With practice, we can trace further and further back in the process until our minds learn that we can renovate the programming that had previously been established. In this way, we can increase the tendency towards positivity in our thinking processes. This is a crucial step in increasing the peacefulness of our existence.
6) Be Thankful
However difficult or lacking life might seem, the chances are that someone else has had it worse. When you’re at the bottom of a negative cycle, that thought is unlikely to bring much comfort. After all, how does consider the circumstances of someone who is worse off help someone to address situation in which they find themselves? For some, this approach might provide ample reason to be cheerful. For others, it can just seem like even more justification to feel that the world is a terrible place full of suffering and sadness.

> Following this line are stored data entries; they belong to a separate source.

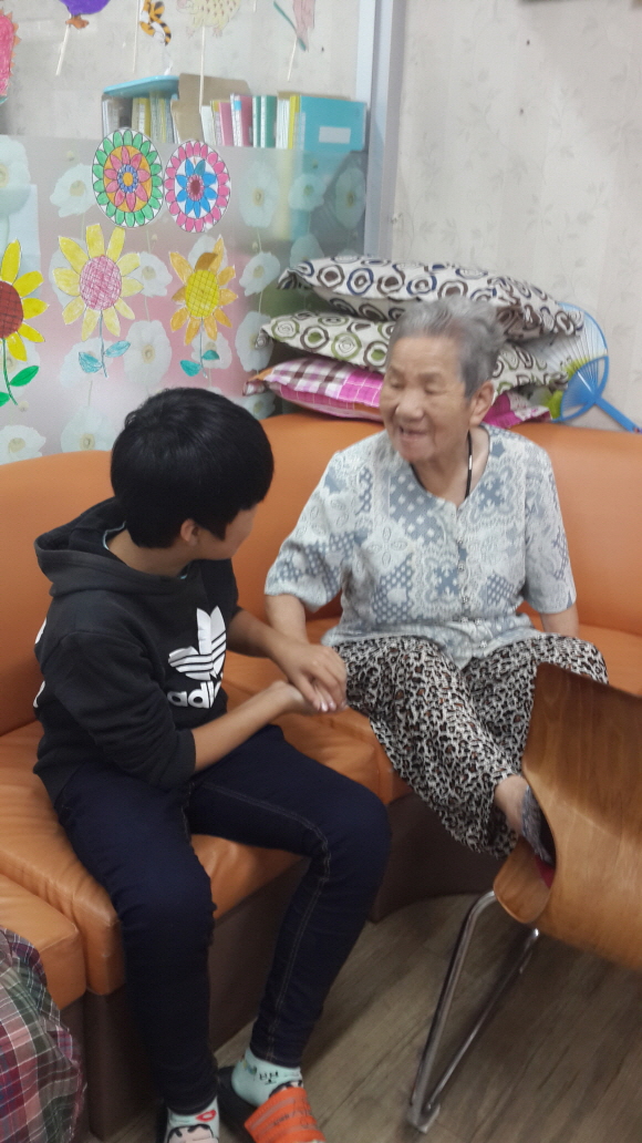 중학생 자원봉사자가 어르신 한 분 한 분의 손을 잡고 정성스레 마사지 해주었습니다.
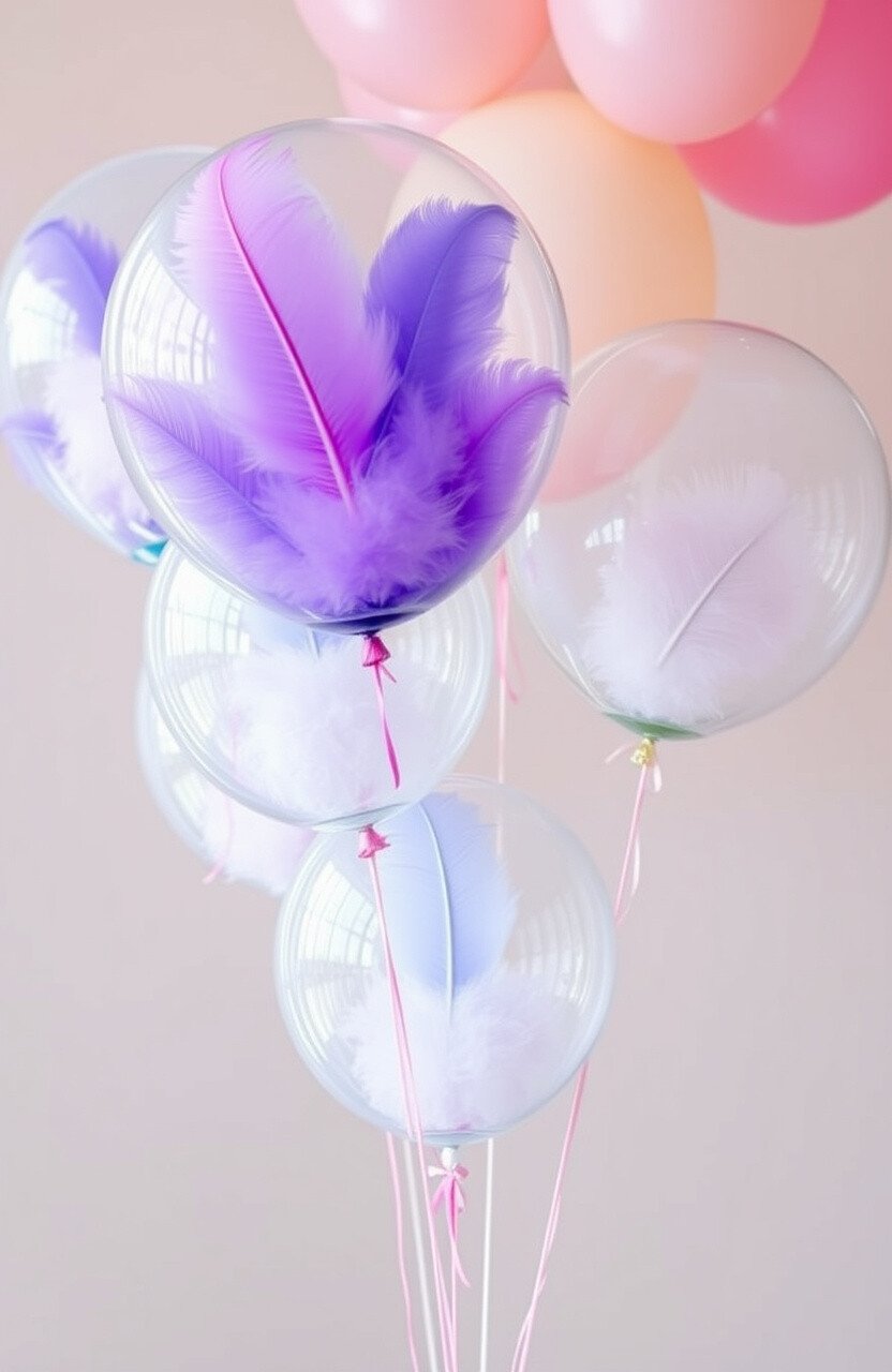 Feather-filled balloons bring a light, airy feel to your party. Imagine translucent balloons with fluffy feathers floating inside, as if capturing the essence of flight. They’re a hit among kids and adults alike.
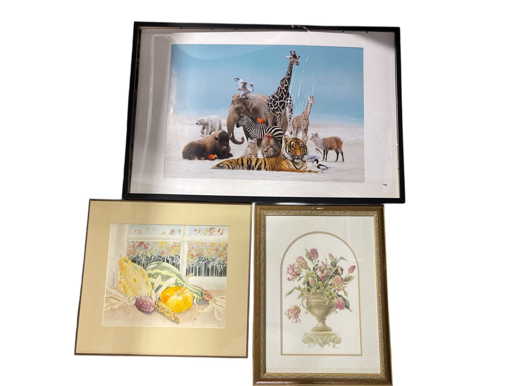 Group of 3 Framed Art Prints - Wildlife Collage, Floral Embroidery, and Still Life with Gourds
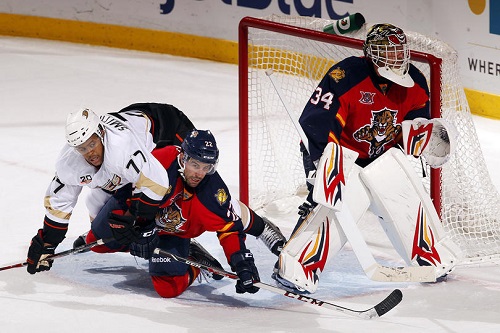 Just over fourteen minutes later, rookie D-man Hampus Lindholm proved his worth in doubling the Ducks’ early lead. Spurred by an outstanding individual effort, Lindholm drove hard to the Panthers’ cage, nearly rounding Cats defenseman Campbell to fire a point-blank shot on net. Following a timely poke-check, the puck bounced around the boards to Emerson Etem, who pinned the puck along the boards until help arrived, in the form of Nick Bonino. Lindholm-patrolling the blue-line relatively unchallenged-stepped into a wrister following Bonino’s cross-ice feed that beat Thomas high glove-side.
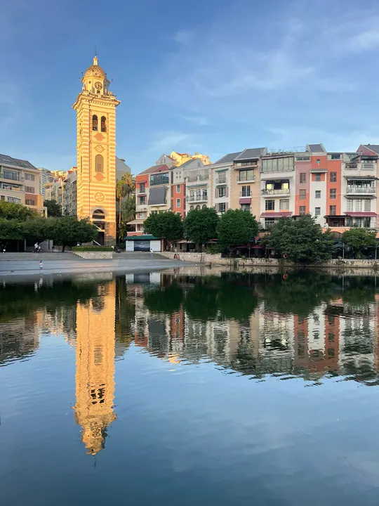 绝美,大抵是恰逢所有“刚刚好”撞个满怀。 夕阳正吻上钟楼的檐角,余晖漫过砖缝,给轮廓镀上暖金;湖面敛了风的踪迹,平得像块铺开的镜,把天、钟楼与岸边的树,都完整地抱进怀里。 湖边的小姑娘静静立着,身影轻得像片待落的叶。而我抬手举镜的刹那,恰好将这抹夕阳、一湖镜光,连同她独立的侧影,都框进了取景器里。 原来最美的瞬间从不是刻意寻来的,是风停得刚好,光落得刚好,人站得刚好,我按下快门的时机,也刚好。
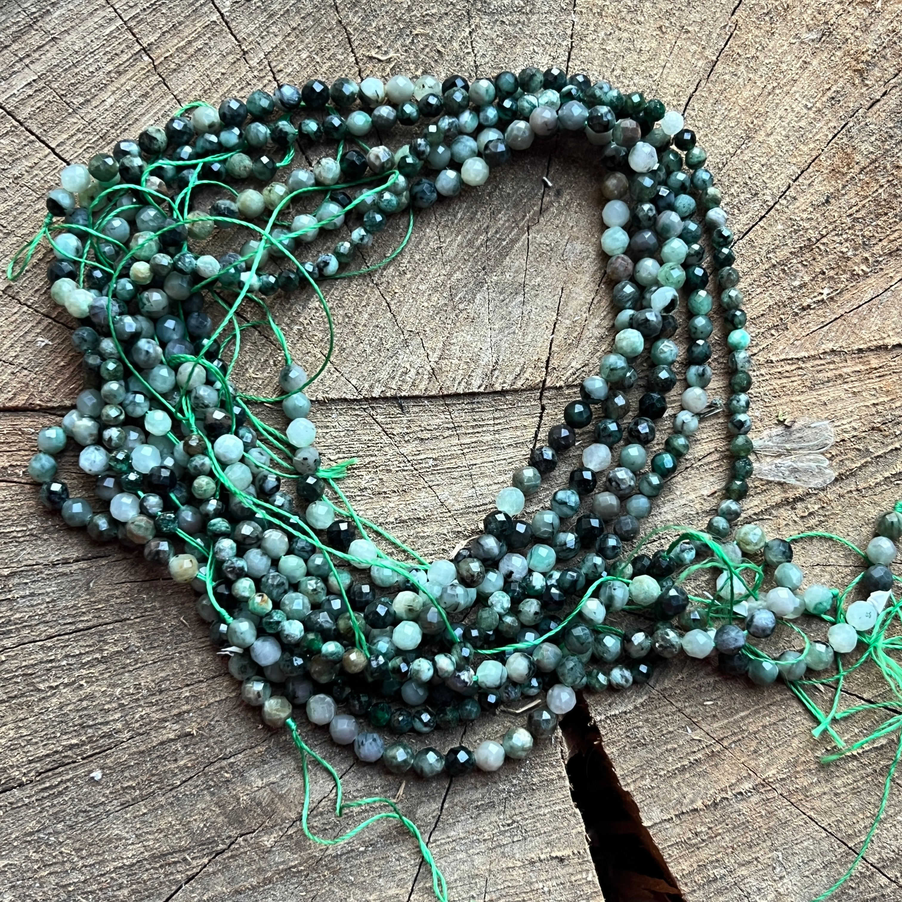 Smaragd nyaklánc, amelyből áll természetes FACETED gömbgyöngyök, tökéletes nyaklánchoz, karkötőhöz vagy más kézzel készített ékszerhez.
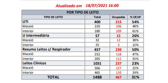O Hospital da Mulher e o Hospital Metropolitano, na capital, e o Hospital de Urgência e Emergência do Agreste, em Arapiraca, estão com atuais níveis de ocupação de UTI em 49%, 59% e 83%, respectivamente.
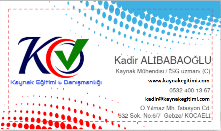 BİZE ULAŞIN Kadir ALİBABAOĞLU Kaynak Mühendisi / C Sınıfı İSG Uzmanı 0 532 400 13 67 kadir@kaynakegitimi.com Osman Yılmaz Mahallesi İstasyon Caddesi 632 Sokak No:6/7 Gebze – KOCAELİ
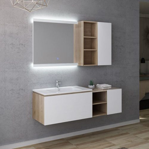 Meuble de salle de bain 80cm et son miroir avec éclairage intégré, et simple vasque design.
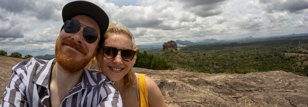 Heute haben wir in Sirgiriya den berühmten Löwenfelsen gesehen. Er gilt als UNESCO Weltkulturerbestätten auf Sri Lanka und ragt wirklich sehr beeindruckend aus der sonst eher flachen Landschaft heraus. Dank eines Tipps von einem deutschen Pärchen, das auch in unserer Unterkunft übernachtet hat, haben wir stattdessen den Nachbarfelsen Pidurangala bestiegen. Warum? Erstens kann man vom Gipfel aus super den Löwenfelsen fotografieren, zweitens kostet der Eintritt dort nur einen Bruchteil vom Eintritt des Löwenfelsens und drittens und das ist wohl der wichtigste Punkt: Es gibt viiiieeel weniger Touristen weil ein Geheimtipp 🙂
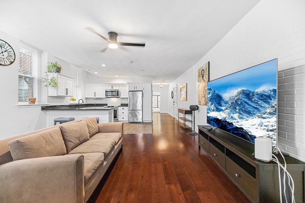 Beautifully renovated unique downtown garden style 2 bedroom condo with it’s own private direct access entrance door to outside ground level! Walk to restaurants, cafes, diners, shops, salons, yoga or commuter rail, everything you need. So much to do downtown! Renovated with hardwood floors and modern fixtures, kitchen with stainless steel appliances, granite countertops and ample cabinet storage, slide in range with warming drawer, in unit laundry, new 2 panel interior doors, new casing and baseboards. Additional storage unit right down the hall. Open house Sunday 12-2pm, don't miss it!
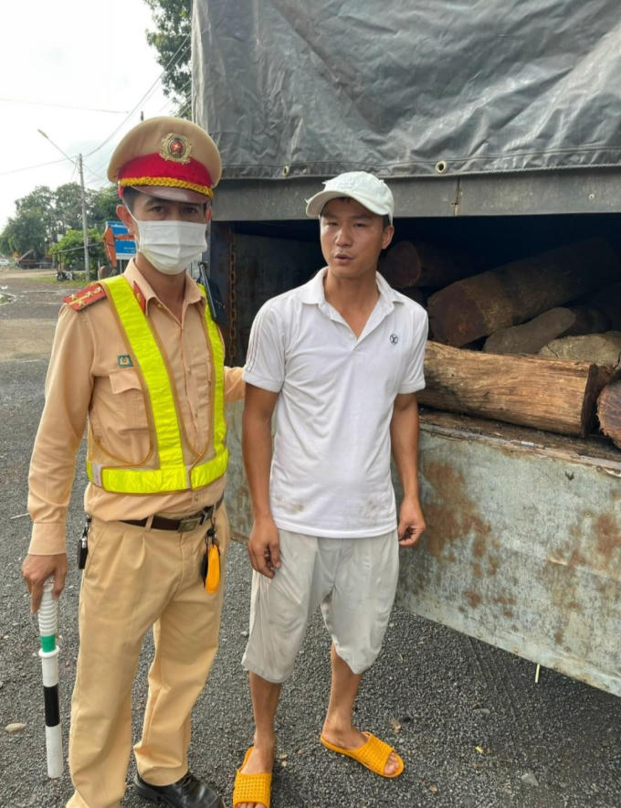 Tài xế và chiếc xe chở gỗ không nguồn gốc xuất xứ bị Công an lập biên bản tạm giữ( Ảnh: CACC)

As stated by Max Erhmann in the beautiful poem elucidating the realities of life, ‘Desiderata’, “if you compare yourself with others, you will become vain and bitter, for always there will be greater and lesser persons than yourself.” As the Buddha correctly identified, even those who seem to have the most reason to be elated can suffer the pangs of anguish, loneliness and sadness. So do not compare, it does not help.
Instead, do as the old adage suggests: count your blessings. Think of things in life that do help or are enjoyable. If you are reading this, you have eyes that can read. If someone is reading it to you, ears that can hear might be a starting point. Then ask yourself what your eyes allow you to see, or what your ears allow you to hear, for which you can be thankful. You might live in a location that some would consider unsightly, but beauty can be found in most places if you really open up to the determination to be positive; photosynthesising plants that have somehow managed to start growing from the edifice of an abandoned chemical plant, or the birds making nests in its loft.
Someone who lives in a place where there is unpleasant noise, such as people arguing, industrial machines or traffic, might dislike their surroundings. If they have legs or transport to get away from these things, it might be worth giving thanks for the ability or resources to visit somewhere that those noises do not pollute the atmosphere. Whoever can’t leave, there is no point in feeling resentful towards that which they cannot escape. Their best chance to experience peace might be to be thankful that they have somewhere to stay, or appreciating the breaks in the noise when they happen.
Can you listen to music? Some say that music is what feelings sound like, it can feed the soul if only we are willing to let it. Find reasons to be thankful. There is always something. Most of us have more than one thing. Do you have people who love you? If not, then there is nobody to whom you are beholden. Either of these situations can be viewed as positive, if we choose to view them that way. If you are in pain, at least you can feel something. That means that you’re alive. As long as you’re alive, you have a chance to do something or change something for the better. Thankfulness is the first step in finding our way out of the negative cycle.
Copyright Guerrilla Nature 2022
The Serenity Prayer (secular)
Please grant the serenity,
To accept the things I cannot change,
The courage to change the things I can,
And the wisdom to know the difference.